The task for the listing below is to write out exactly the lines starting at the one containing "alte Ansichtskarte, gelaufen" and ending at the one containing "及以下步骤:把浆料用手抓匀、腌制20分钟。 炒锅热油7分热、下浆好的火鸡肉块、小火炸制。 大点火、过二次油。炸制成金黄色即可。", both included. Pictures are to be omitted.

---------- Records for this exercise

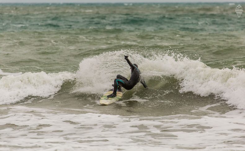 Calzari, muta, guanti e cappuccio, qualche minuto e siamo già in line-up, condivisa con un paio di kiters locali. E’ proprio vero che una volta in acqua la misura è maggiore di quella percepita da fuori, infatti la tavoletta non fatica troppo a partire sul metro scarso, anche se per le sezioni choppy un bel biscotto non avrebbe fatto male.
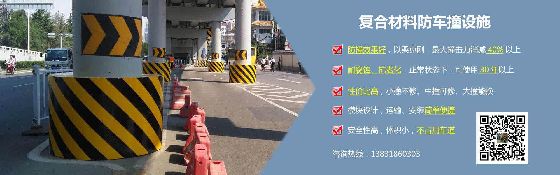高速公路橋墩防撞設施,又稱為高速公路橋墩附著式柔性防車撞裝置,是一種附著到高速公路中間或兩側(cè)橋墩四周的柔性復合材料橋梁橋墩防撞設施。這種防撞設施為復合材料單元模塊組裝式,根據(jù)車輛通行情況(車輛等級、限速...
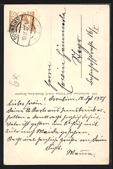 alte Ansichtskarte, gelaufen 1927, Eckknick re. unten, guter Zustand
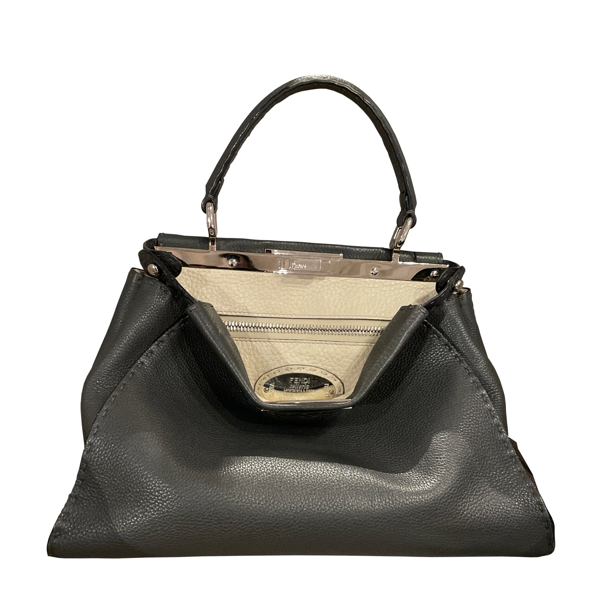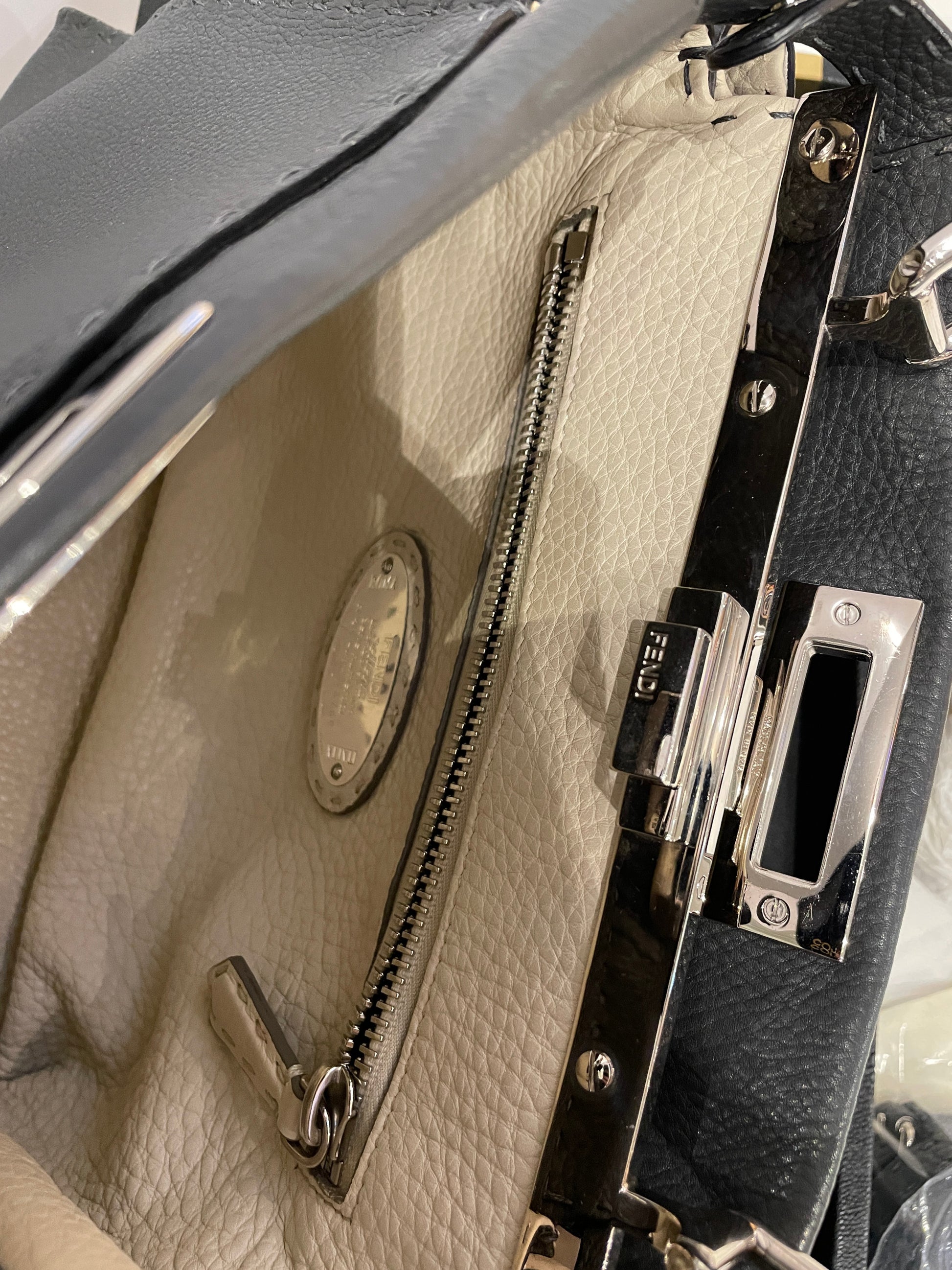 - Interior hand-sewn Fendi Selleria numbered silver tag
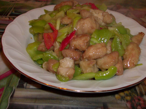 及以下步骤:把浆料用手抓匀、腌制20分钟。 炒锅热油7分热、下浆好的火鸡肉块、小火炸制。 大点火、过二次油。炸制成金黄色即可。 切一段葱丝。切一点黄瓜片。做配菜。 炒锅放少许油、炒葱丝和配菜。 再加入火鸡肉段一同翻炒片刻、待入味即可盛出来。 小火烧芡汁。 芡汁烧好了、把火鸡肉段倒入热芡汁上、翻炒挂糊即可。这个菜酸甜微辣可口。 小火烧芡汁。 芡汁烧好了、把火鸡肉段倒入热芡汁上、翻炒挂糊即可。这个菜酸甜微辣可口。
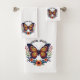 Ajoutez une touche de beauté naturelle à votre salle de bain avec ce somptueux ensemble de serviettes de bain, comprenant une serviette de bain, une serviette et un linge de toilette. Chaque pièce présente le design complexe d'un papillon monarque dans des tons vifs d'orange et de noir, entouré d'un agencement floral animé de tons rouges, orange, bleus et verts. Ce motif délicat et artistique apporte le charme enchanteur de la nature dans votre maison, ce qui en fait un choix parfait pour un usage quotidien et comme un cadeau réfléchi.
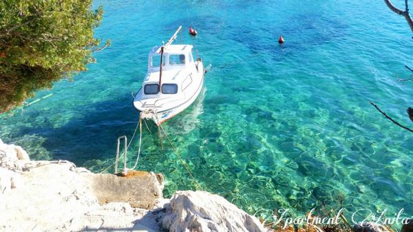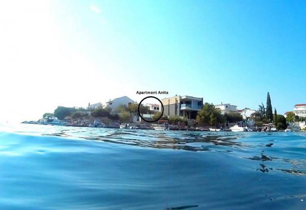 Apartman Anita se nalazi u mirnom okruženju. Na prvom je katu, tako da ćete imati lijepi pogled na more sa sve tri strane apartmana i nije na glavnoj cesti. Površina apartmana je 65 m2 i ima dva balkona i terasu. Apartman ima dvije sobe (jedna je bračna soba a druga je s dva kreveta za jednu osobu), kupatilo, kuhinju i udoban dnevni boravak sa klima uređaj i smart TV sa satelitskim prijemnikom. Apartman na ulazu ima veliku terasu sa suncobranom, prostorom za sjedenje i roštiljom. Apartman ima besplatni internet. Jedno parkirno mjesto je ispred kuće. Udaljenost od mora i plaže iznosi 20 m, a do najbližeg dućana 100 m. Ima raznih plaža, od šljunčanih do stjenovitih te onih koje su betonirane. Najljepše su one šljunčane na kojima možete pronaći prirodni hlad od stabala ili ako želite možete koristiti naše suncobrane za plažu.
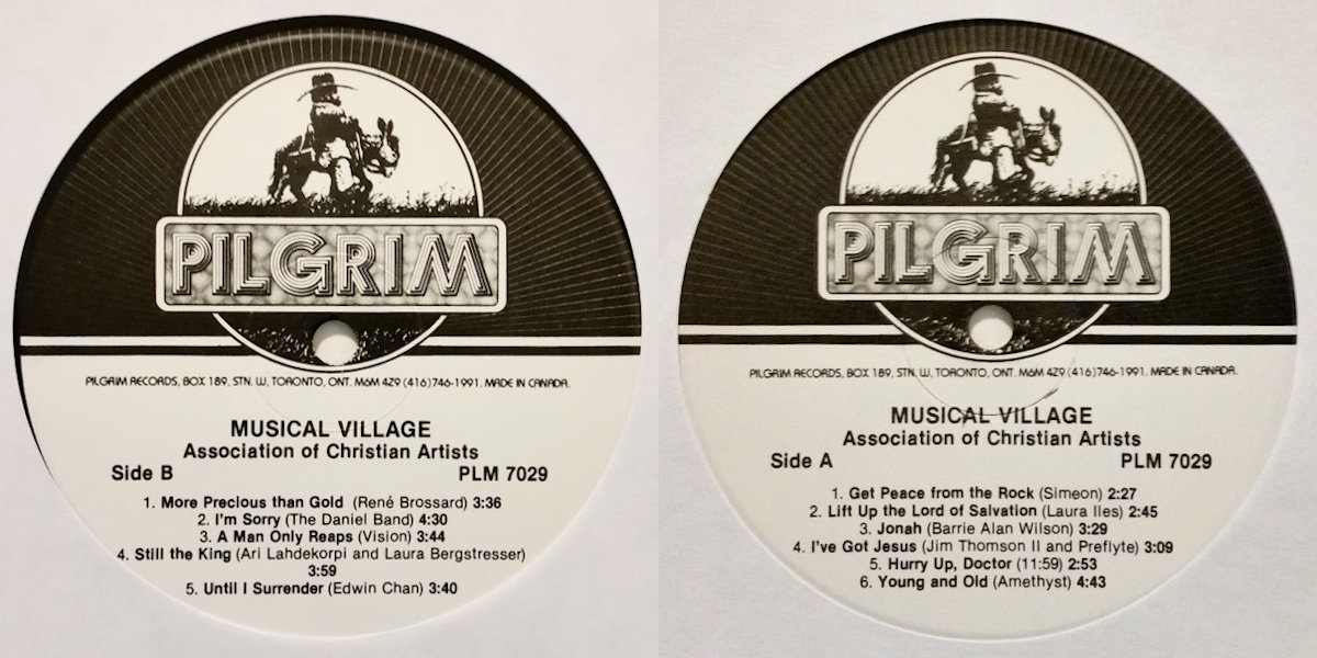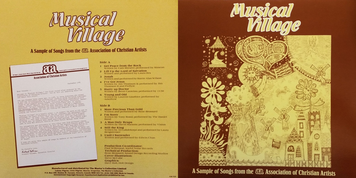 Musical Village, sub-titled A Sample of Songs from the Association of Christian Artists, is a multi-artist compilation featuring various Canadian artists, released on Pilgrim Records, manufactured and distributed by The Master’s Collection Limited in 1982. (Labels: Pilgrim, Little Pilgrim, Sharon, Grapevine, The Master’s Collection.) Technical production by Rene Brossard, Sound Design Recording Studios.
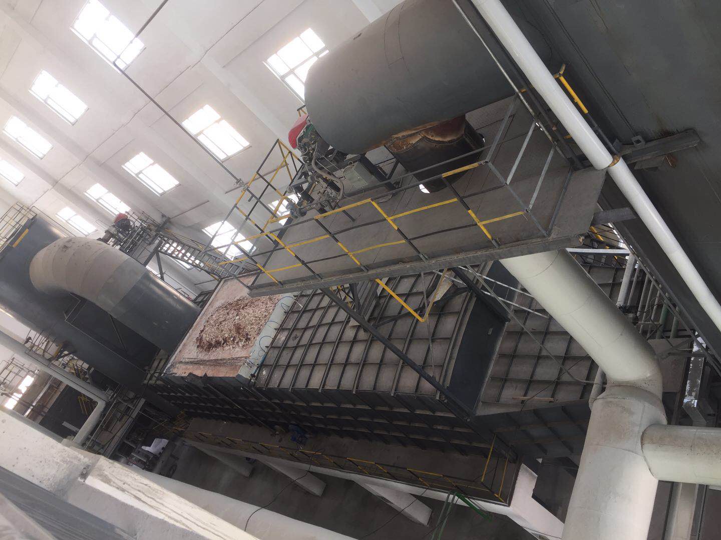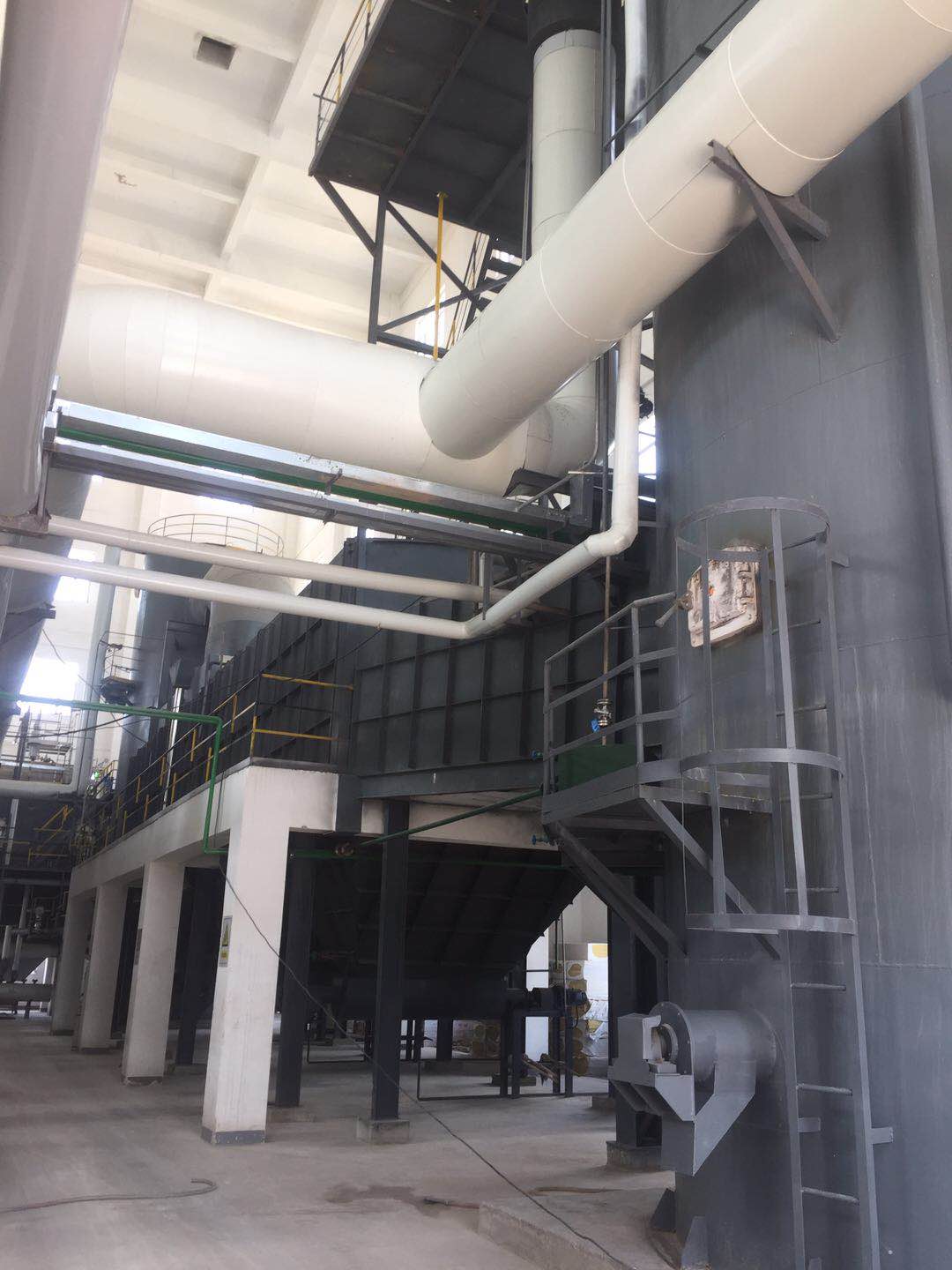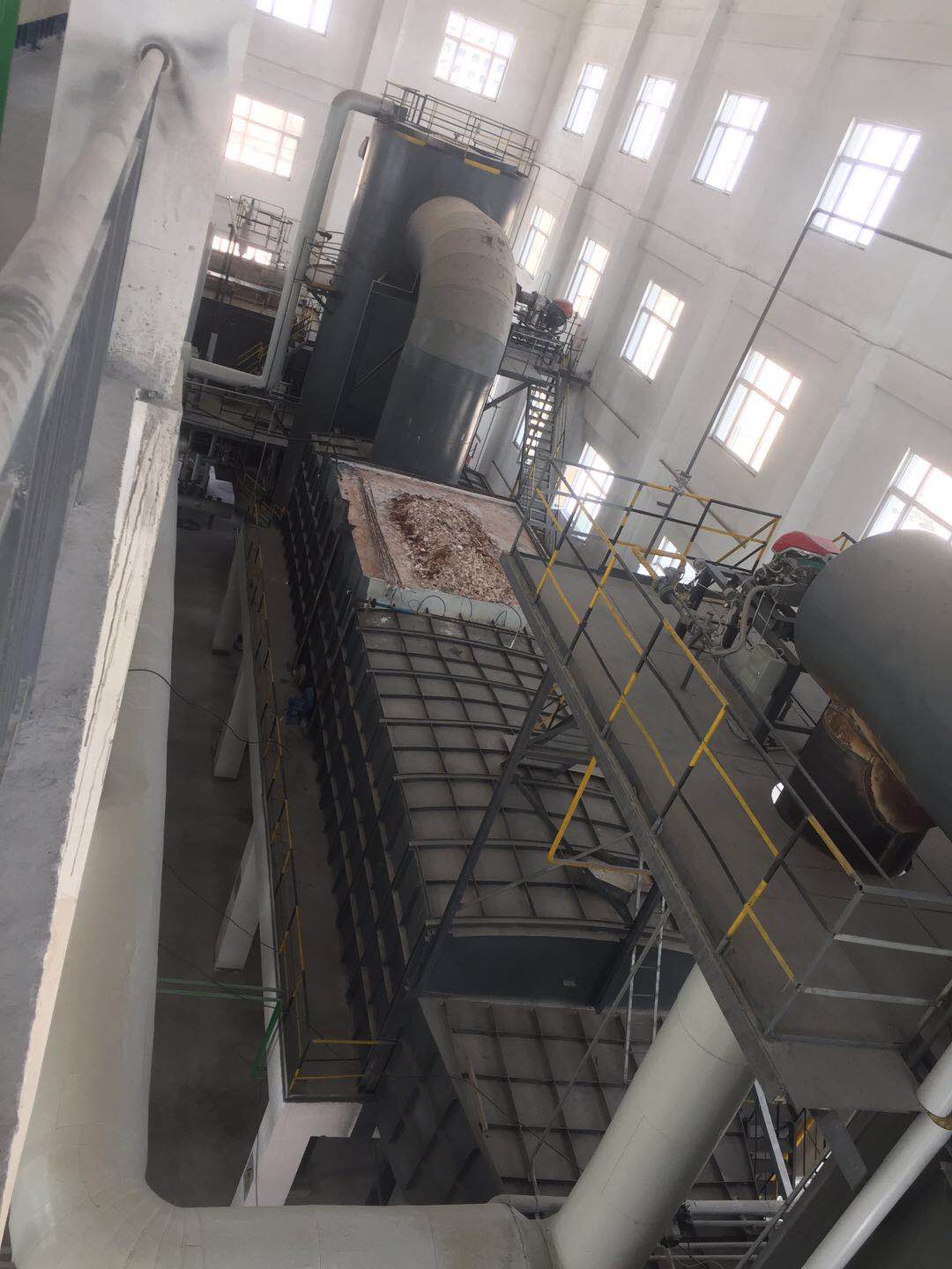 經過預處理的廢液、固廢或廢氣由進料裝置進入一次燃燒室,廢料與助燃空氣在焚燒爐爐膛內經過復雜的物理、化學反應,使廢料中的有害物質徹底分解,焚燒溫度控制在750-800℃(不同的物料焚燒溫度不同);產生的煙道氣進入迷宮沉降除塵器除鹽(底部自動出鹽),然后進入二級燃燒室進行高溫焚燒,二級燃燒室內焚燒溫度控制在1100℃左右,產生的高溫煙道氣經SNCR脫硝后,進入余熱回收裝置,高溫煙道氣的部分熱量轉化為蒸汽回收,煙氣溫度降至550℃左右,之后進入G-G換熱器與煙氣再加熱器1的熱側,為補燃空氣預熱和將布袋除塵器出來的煙氣再次升溫至脫硝所需溫度,同時煙氣降溫至500℃左右,(根據國標要求:為避免二噁英的再次合成,煙氣要在1S內從500℃左右降至200℃以下),煙氣進入半干急冷塔降溫至200℃以下,經布袋除塵后,煙氣經煙氣再加熱器1加熱升溫至350℃左右,通過SCR脫硝,進入煙氣再加熱器2熱側作為熱源加熱汽水分離后的煙道氣,之后進入噴淋吸收塔脫除酸性氣體,且再次降溫至75℃左右,進入汽水分離器脫水后,經過煙氣再加熱器2的冷側被加熱至120℃左右經煙囪外排。
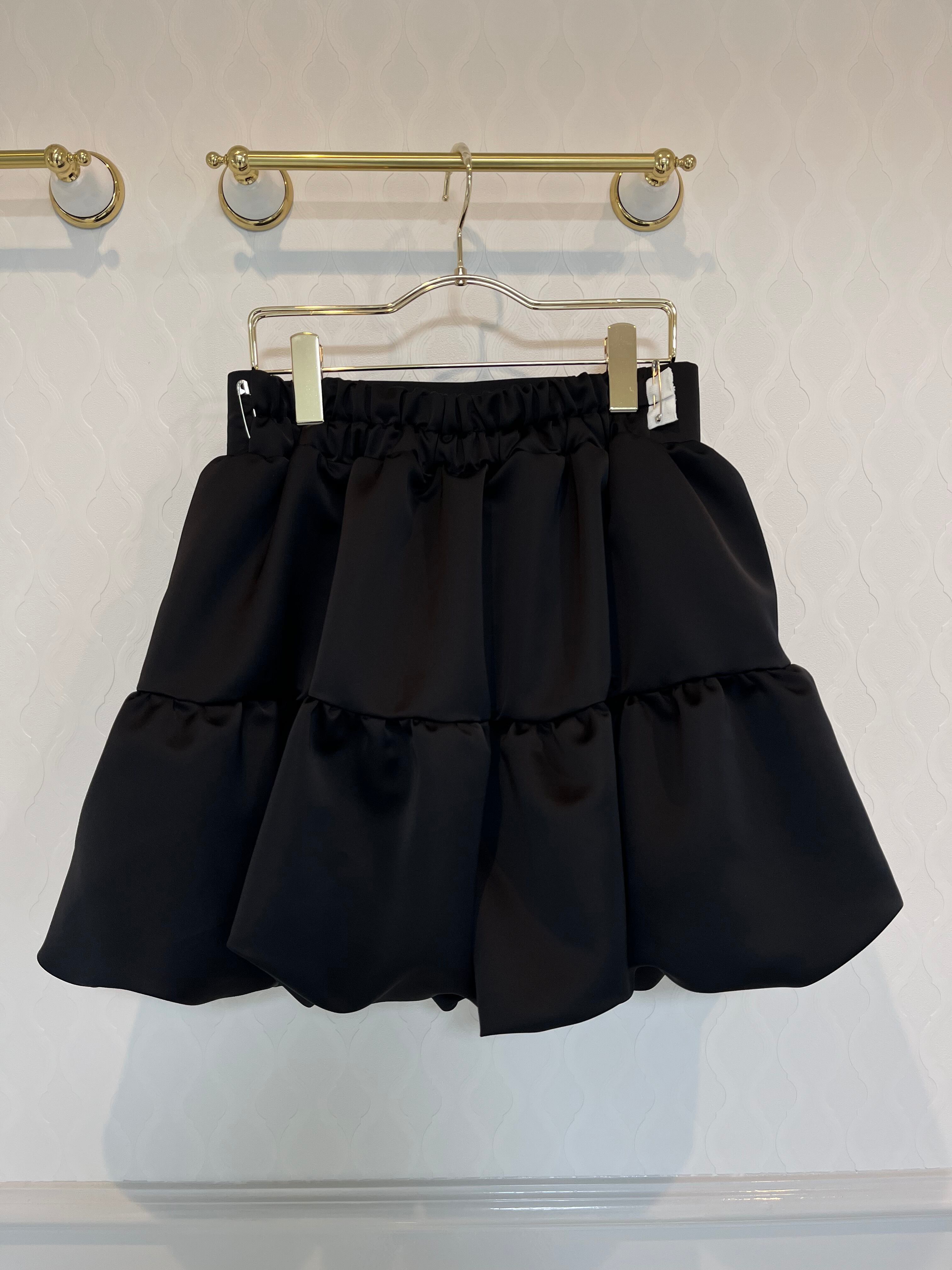 高級感のあるサテン生地にたっぷりのギャザーを寄せてふわふわのバルーンスカートに仕立てました。安心のインナーパンツ付です。
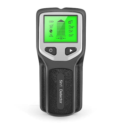 Scanner display lcd detector metal cobre madeira fio 5 em 1 Características Detector de metais, madeira e elétrica não detecta pvc Detecta madeira até 3,8cm Detecta metal até 7,6 cm Detecta fios elétricos vivos até 7,6 cm Detecta pregos e ferragem em colunas e vigas até 7,6cm Detecta tensão de até 7,6 cm de profundidade Detecta madeira e cravo de metal até 3,8cm Encontra tubos de cobre, vergalhões, cabos elétricos e vigas de madeira/pregos em chapeador paredes Fácil de usar com botões grandes para quando se usa luvas Especificações Material: plástico + borracha Podem ocorrer diferenças de 0.5-2 cm devido à medida manual Bateria 9v não inclusa Marca: Sg Utilidades
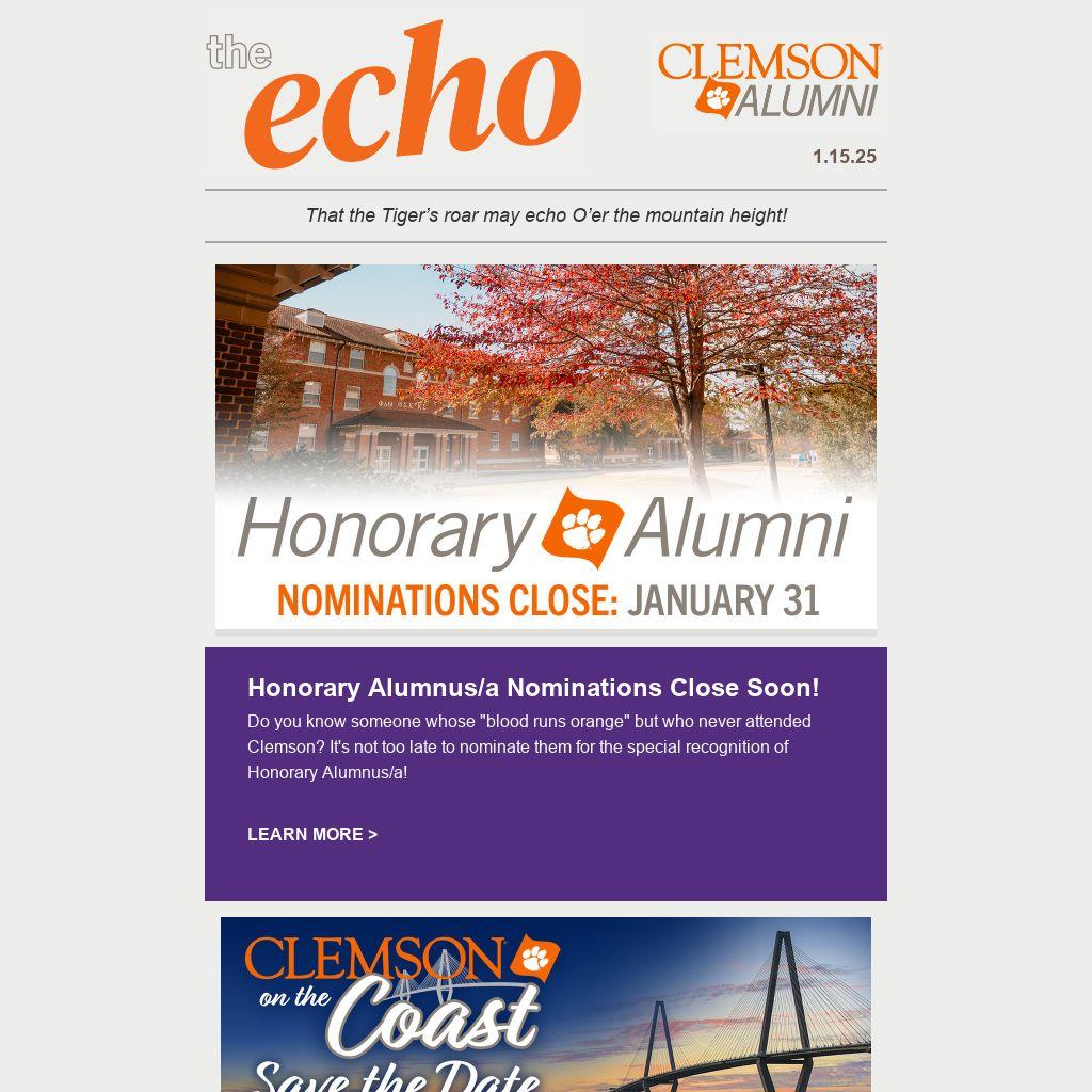 Honorary Alumnus/a Nominations Close Soon! Do you know someone whose "blood runs orange" but who never attended Clemson? It's not too late to nominate them for the special recognition of Honorary Alumnus/a!

--------------------

* Response below *
 alte Ansichtskarte, gelaufen 1927, Eckknick re. unten, guter Zustand
 - Interior hand-sewn Fendi Selleria numbered silver tag
 及以下步骤:把浆料用手抓匀、腌制20分钟。 炒锅热油7分热、下浆好的火鸡肉块、小火炸制。 大点火、过二次油。炸制成金黄色即可。 切一段葱丝。切一点黄瓜片。做配菜。 炒锅放少许油、炒葱丝和配菜。 再加入火鸡肉段一同翻炒片刻、待入味即可盛出来。 小火烧芡汁。 芡汁烧好了、把火鸡肉段倒入热芡汁上、翻炒挂糊即可。这个菜酸甜微辣可口。 小火烧芡汁。 芡汁烧好了、把火鸡肉段倒入热芡汁上、翻炒挂糊即可。这个菜酸甜微辣可口。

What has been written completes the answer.